AIM OF THE EXERCISE:
Without the images, write out all of the following entries exactly.

Extracted records:
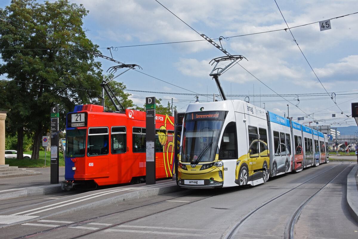 Bei der Haltestelle beim badischen Bahnhof treffen sich der Be 4/4 490 FC Basel, auf der Linie 21, und der Be 6/8 Flexity 5028 mit der AMAG Werbung, auf der verlängerten Linie 1. Die Aufnahme stammt vom 13.08.2021.
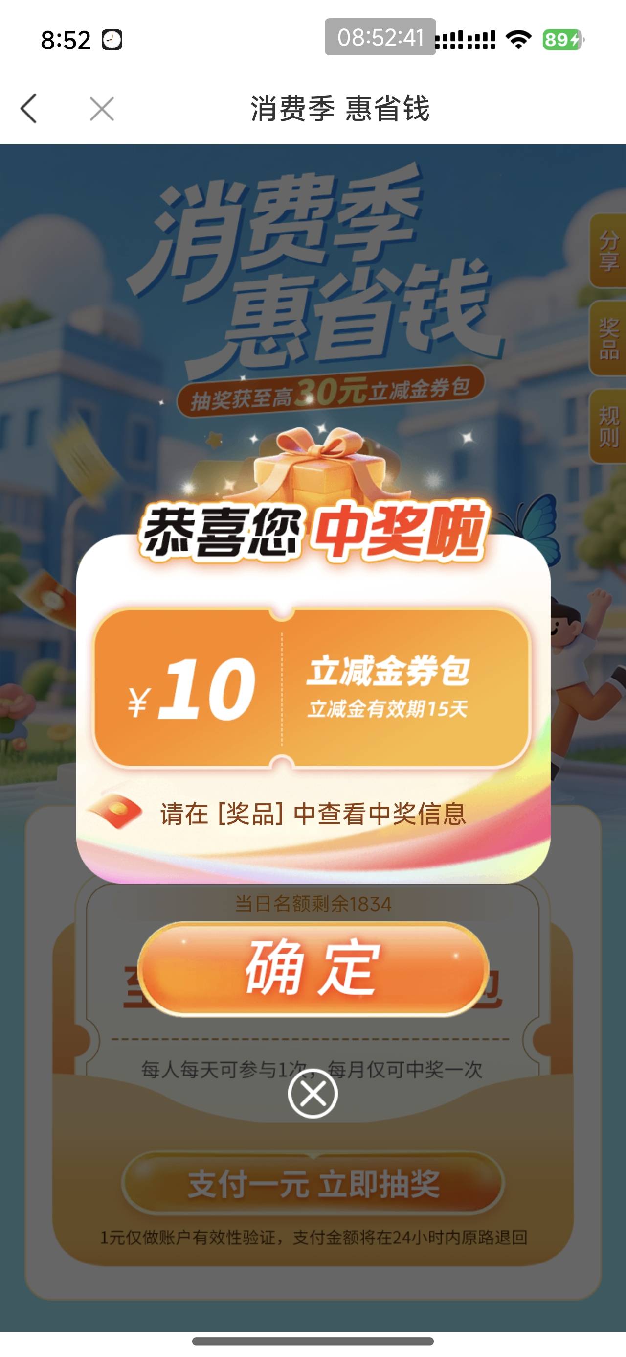 徽商银行消费季惠省钱抽奖活动
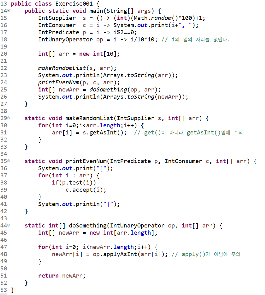- 이 패키지에는 일반적으로 자주 쓰이는 형식의 메서드를 함수형 인터페이스로 미리 정의해 놓았다.
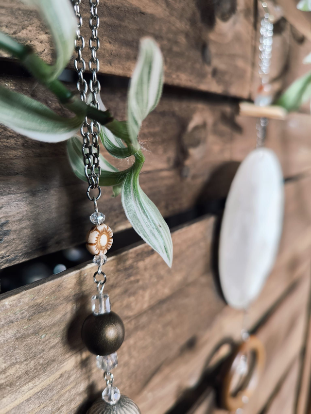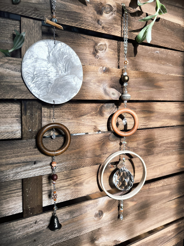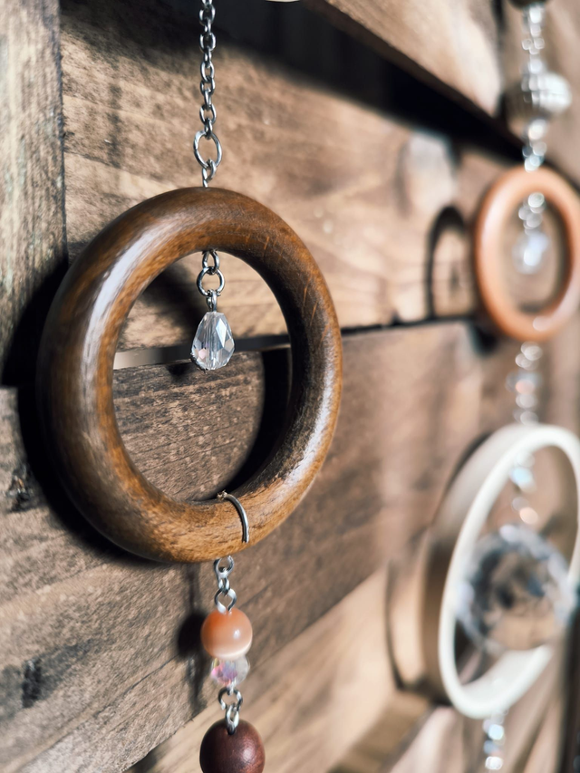 l’attrape-soleil invite la magie de la lumière dans votre intérieur. Confectionné artisanalement. Orné de perles prisme en verre qui reflète les rayons du soleil en éclats colorés et d'une perle issus de la tradition feng shui (rôle important dans l'instauration d'une harmonie, d'un sentiment de paix et de sérénité) il se suspend près d’une fenêtre pour diffuser des jeux de lumière arc-en-ciel.
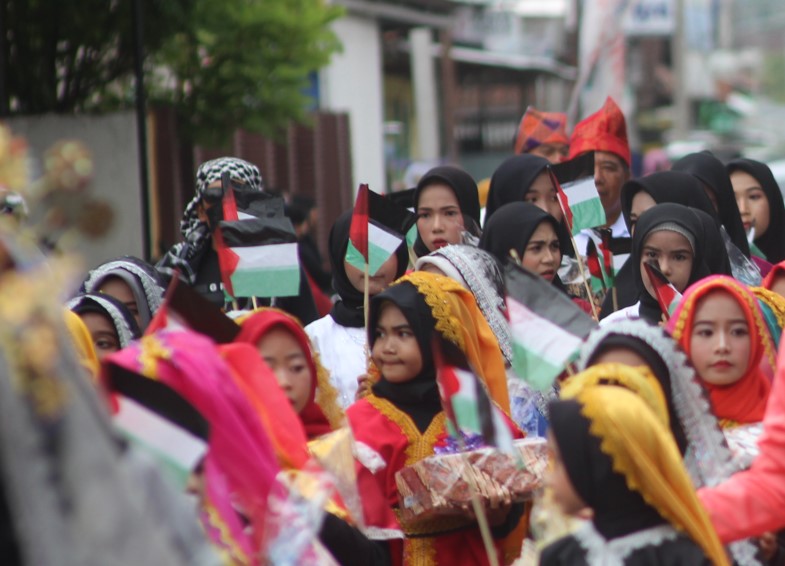 “ Isu Palestina ini diangkat tidak direncanakan, namun inilah bentuk respon keprihatinan masyarakat kita terhadap isu kemanusian yang dipertontonkan dunia saat ini, ini pelajaran yang baik bagi generasi kita terutama anak-anak SD karena bagaimanapun penjajahan tidak boleh ada lagi dimuka bumi ini,” ujar Roy Marhandra, S.SE.M.Si Sekretaris Lembaga Adat Tana Samawa (LATS) KSB sebagai penyelenggara pawai budaya Harlah KSB.
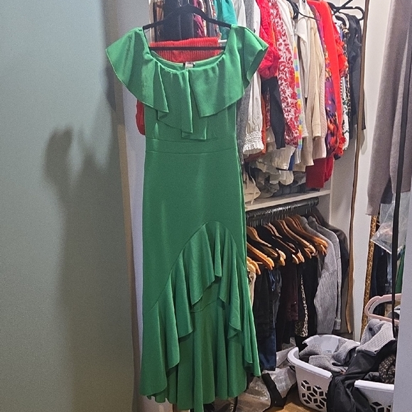 VENUS dress in vibrant green. Off-shoulder ruffle neckline. Fitted waist with cascading high-low ruffle skirt. Elegant, flowy silhouette for events.
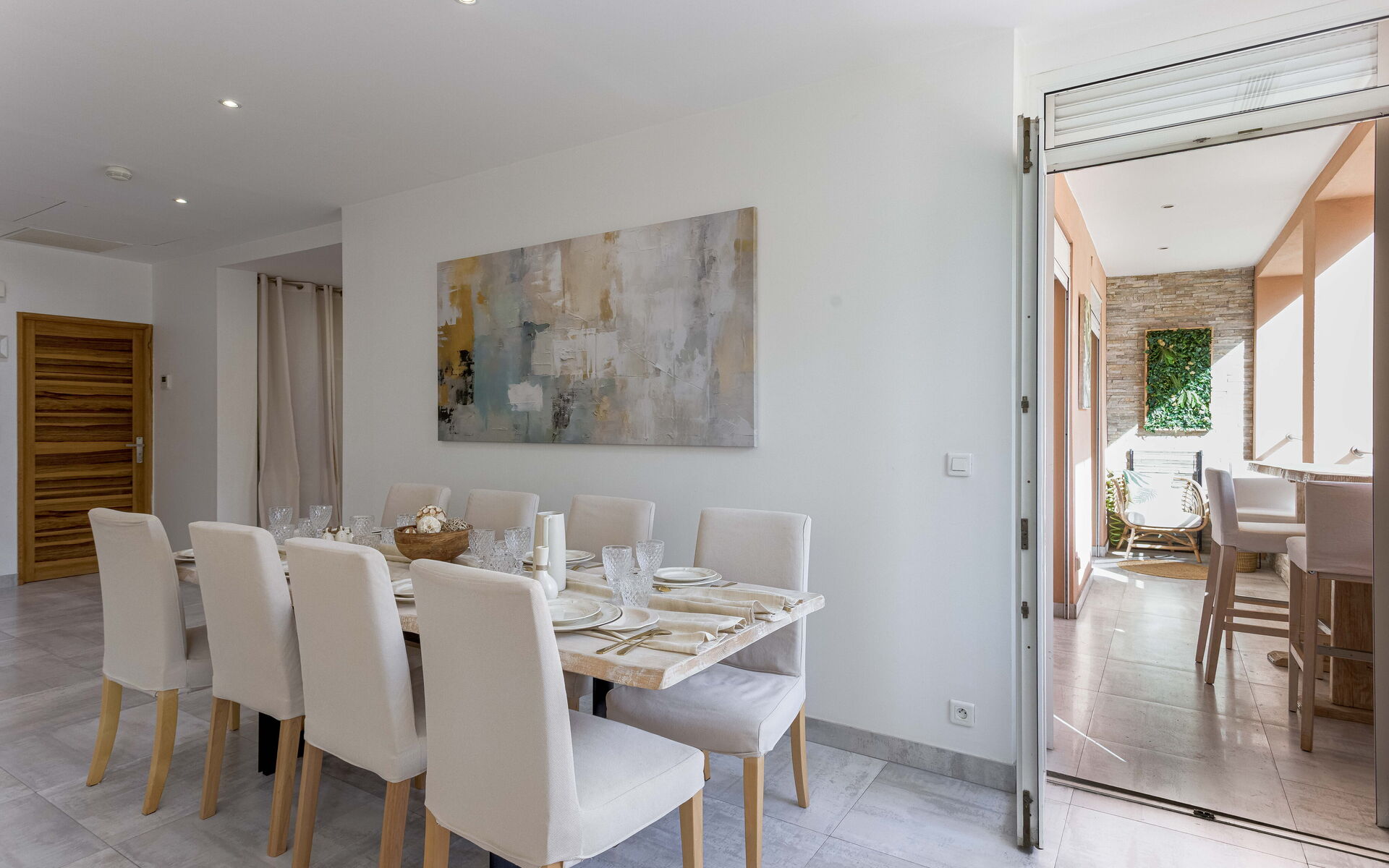 climatisation, table à manger, Sortie sur la terrasse, TV Satellitaire, Détecteur de fumée, Cuisine bien équipée, Internet WiFi, Canapé-lit double
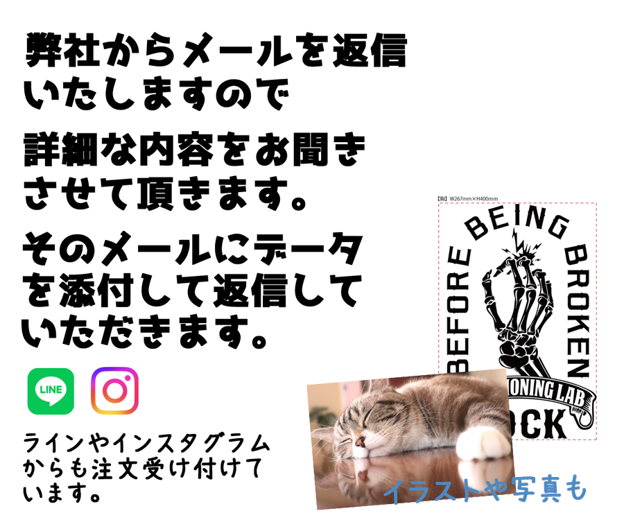 ※この時点ではイメージデザインの作成は行っておりません。 ご注文内容が確定し、プリント用の画像をお送りいただいてからデザインの作成を開始いたします。
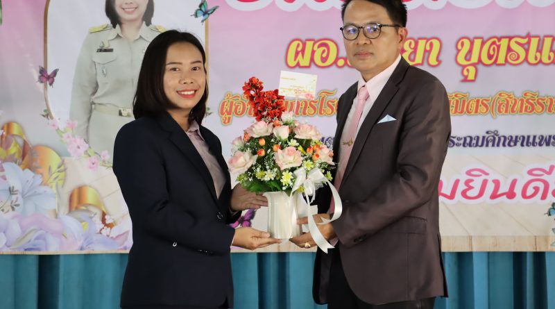 มอบช่อดอกไม้แสดงความยินดีกับ ผอ.มัตยา บุตรแก้ว ในโอกาสที่มารับตำแหน่ง ผอ.โรงเรียนวัดตอนิมิตร

ANSWER BOX:
 Bei der Haltestelle beim badischen Bahnhof treffen sich der Be 4/4 490 FC Basel, auf der Linie 21, und der Be 6/8 Flexity 5028 mit der AMAG Werbung, auf der verlängerten Linie 1. Die Aufnahme stammt vom 13.08.2021.
 徽商银行消费季惠省钱抽奖活动
- 이 패키지에는 일반적으로 자주 쓰이는 형식의 메서드를 함수형 인터페이스로 미리 정의해 놓았다.
 l’attrape-soleil invite la magie de la lumière dans votre intérieur. Confectionné artisanalement. Orné de perles prisme en verre qui reflète les rayons du soleil en éclats colorés et d'une perle issus de la tradition feng shui (rôle important dans l'instauration d'une harmonie, d'un sentiment de paix et de sérénité) il se suspend près d’une fenêtre pour diffuser des jeux de lumière arc-en-ciel.
 “ Isu Palestina ini diangkat tidak direncanakan, namun inilah bentuk respon keprihatinan masyarakat kita terhadap isu kemanusian yang dipertontonkan dunia saat ini, ini pelajaran yang baik bagi generasi kita terutama anak-anak SD karena bagaimanapun penjajahan tidak boleh ada lagi dimuka bumi ini,” ujar Roy Marhandra, S.SE.M.Si Sekretaris Lembaga Adat Tana Samawa (LATS) KSB sebagai penyelenggara pawai budaya Harlah KSB.
 VENUS dress in vibrant green. Off-shoulder ruffle neckline. Fitted waist with cascading high-low ruffle skirt. Elegant, flowy silhouette for events.
 climatisation, table à manger, Sortie sur la terrasse, TV Satellitaire, Détecteur de fumée, Cuisine bien équipée, Internet WiFi, Canapé-lit double
 ※この時点ではイメージデザインの作成は行っておりません。 ご注文内容が確定し、プリント用の画像をお送りいただいてからデザインの作成を開始いたします。
 มอบช่อดอกไม้แสดงความยินดีกับ ผอ.มัตยา บุตรแก้ว ในโอกาสที่มารับตำแหน่ง ผอ.โรงเรียนวัดตอนิมิตร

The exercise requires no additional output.